AYHAN TÜRKER
1938 yılında, babasının ilkokul öğretmeni olarak görevde bulunduğu, Diyarbakır’ın Çermik ilçesinde dünyaya geldi. Annesi ve Babası aslen Elazığ’ın Ağın ilçesindendirler. İlkokul öğrenimini Diyarbakır’ın Yeni İlkokul’unda, Lise Öğrenimini ise yine Diyarbakır Ziya Gökalp Lisesi’nde bitirdi. İlkokul yıllarında başlayan ve lise yıllarında resim öğretmeni olan Turan Erol’un yakın ilgi ve teşviki ile iyice belirlenen resim sevgisi ile Güzel Sanatlar Akademisi’nde (şimdiki Mimar Sinan Güzel Sanatlar Üniversitesi) resim öğrenimi yapmak arzusu ile İstanbul’a geldi. Resim bölümü giriş sınavını, Akademi öğretim üyelerinin büyük takdirleri ile kazanarak Akademi’ye girdi.

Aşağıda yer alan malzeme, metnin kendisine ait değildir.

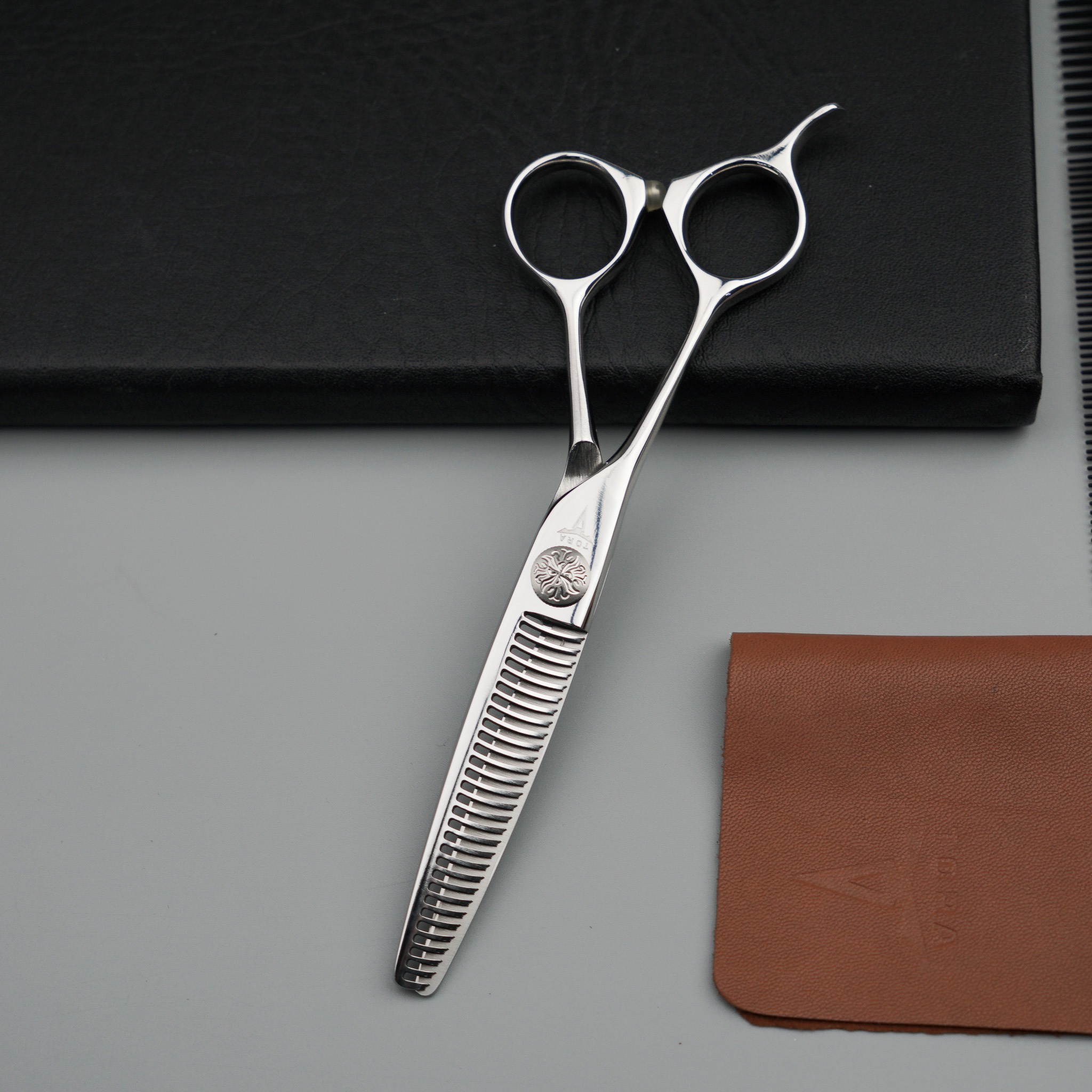 The TORA TM-C23L Thinning Scissors are for left-handed hair stylists , with the ability to apply to thinning, side-trimming, and grooming techniques with a ratio of 20 - 30%, which is an extremely suitable ratio to easily control the amount of hair that needs to be retained or trimmed.

Akademi öğrenimini iç mimarlık bölümünde yaptı. Nişantaşı’nda bir dekorasyon ve mobilya mağazasında, iç mimar olarak iş hayatına atıldı. 3 yıl kadar burada çalıştıktan sonra 1966 yılında kendi adına bir dekorasyon bürosu ve mobilya mağazası açtı. 70’li ve 80’li yıllarda mobilya ve dekorasyon konusunda, Türkiye’de en önde gelen bir kaç firmadan ve önemli isimlerden biri oldu.
Suluboya derslerinde Edip Hakkı Köseoğlu ve grafik bölümü hocası Namık Bayık’tan edinilen bilgiler ve beceriler de Ayhan Türker’in suluboya resimde, Turan Erol’un deyimi ile “virtüöziteye” erişmesinde önemli rol oynamıştır.

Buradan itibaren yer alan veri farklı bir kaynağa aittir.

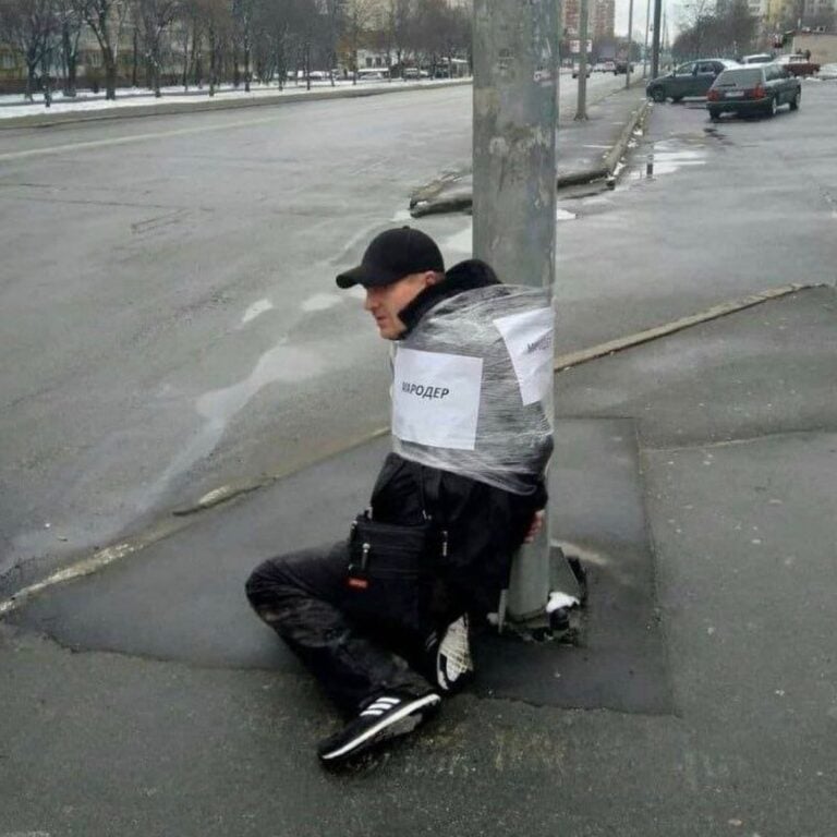 والتقط أحد المستخدمين على تويتر عددًا من الصور لصوص مسجَّلين. قائلاً:  “حيث ينتشر النهب والخروج عن القانون في بعض مناطق أوكرانيا، يحاول السكان المحليون منع اللصوص وقطاع الطرق بأنفسهم”.
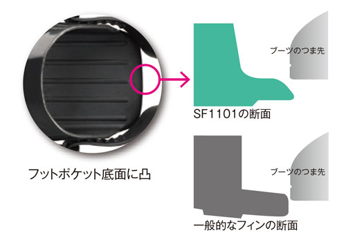 ②新開発のフィン専用ゴムを採用。
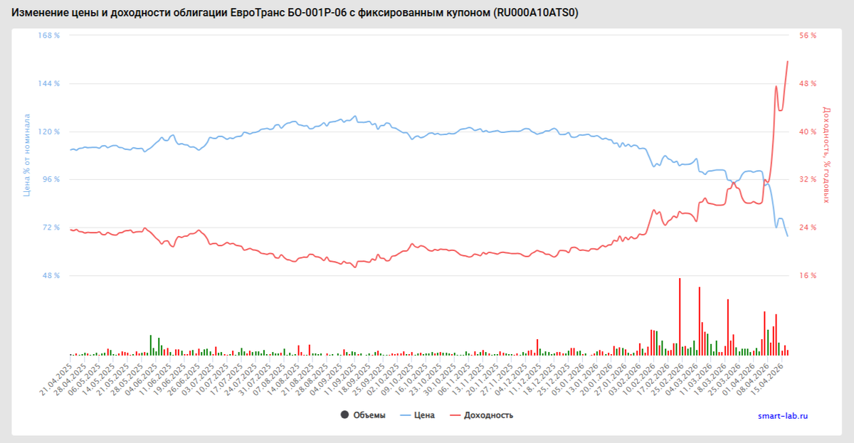 И вот такие движения сейчас постоянно наблюдаются по самым разным эмитентам, Евротранс здесь наиболее яркий пример, потому что у него много выпусков и большой объем. Очень много физлиц владели или еще владеют его облигациями. И эти облигационеры сейчас шарахаются буквально от любого чиха, из-за этого в котировках всегда максимальный шторм.
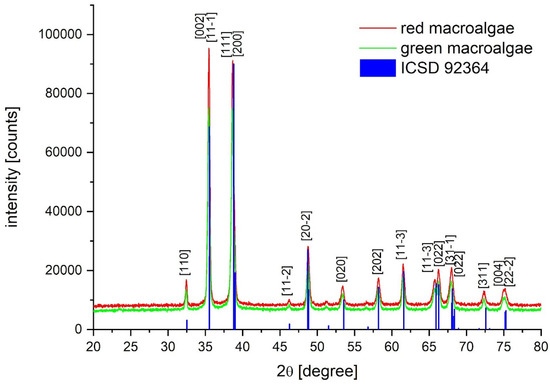 X-ray Powder Diffraction (PXRD) analysis resulted in equal diffractograms for the nanoparticles from the two types of algae. According to the Inorganic Crystal Structure Database (ICSD, card no. 92364), the NPs are composed of tenorite, and the dimensions could be estimated within the range of 30–40 nm for both nanoparticles deriving from red and green algae (Figure 1). The XRD diffractometry of CuO nanoparticles from Halymenia dilatata seaweed aqueous extract is slightly different, probably due to a capping agent formed during the nanoparticle synthesis [45].

İlk kişisel sergisini 1985 yılında Beyoğlu Vakko Sanat Galerisi’nde açtı.Gördüğü ilgi beklenilenin çok üstünde idi. Bu ilgi ileriki yıllarda da artarak devam etti ve çalışmalarını daha yoğun ve şuurlu hale getirdi. İlk sergiyi takiben İstanbul, Ankara ve İzmir’de birçok kişisel sergi gerçekleştirdi, karma sergilere katıldı.
Ayhan Türker moda akımlara güncel gelgit heyecanlara kapılmadan çalışmalarını, Cezanne’nin deyimi ile “tabiata paralel” olarak ve her türlü malzemeyi kullanarak empresyonist (izlenimci) denilebilecek çizgide sürdürmektedir.
Büyük sanat eleştirmenlerince “Çallı” kuşağı’nın günümüzdeki en önemli temsilcisidir. İstanbul peyzajını turistik ve hikayeci anlayış yozluğuna düşmeden gerçek resim soyluluğu ile yorumlayışı bu alanda benzer oldukları sanılanlardan farklı bulunmaktadır.
Sanatçı yalnız peyzaj çalışmalarında değil, aynı zamanda zamanda portre çalışmalarındada özellikle Atatürk portrelerinde suluboya, yağlıboya ve pastel malzemelerle çok dikkate değen eserler üretmiştir.
Sanatçı’nın metni Prof. Kaya Özsezgin tarafından yazılan “Bir İstanbul İzlenimcisi, Ayhan Türker” isimli 246 sahifelik kitabı 2000 yılında yayınlanmıştır.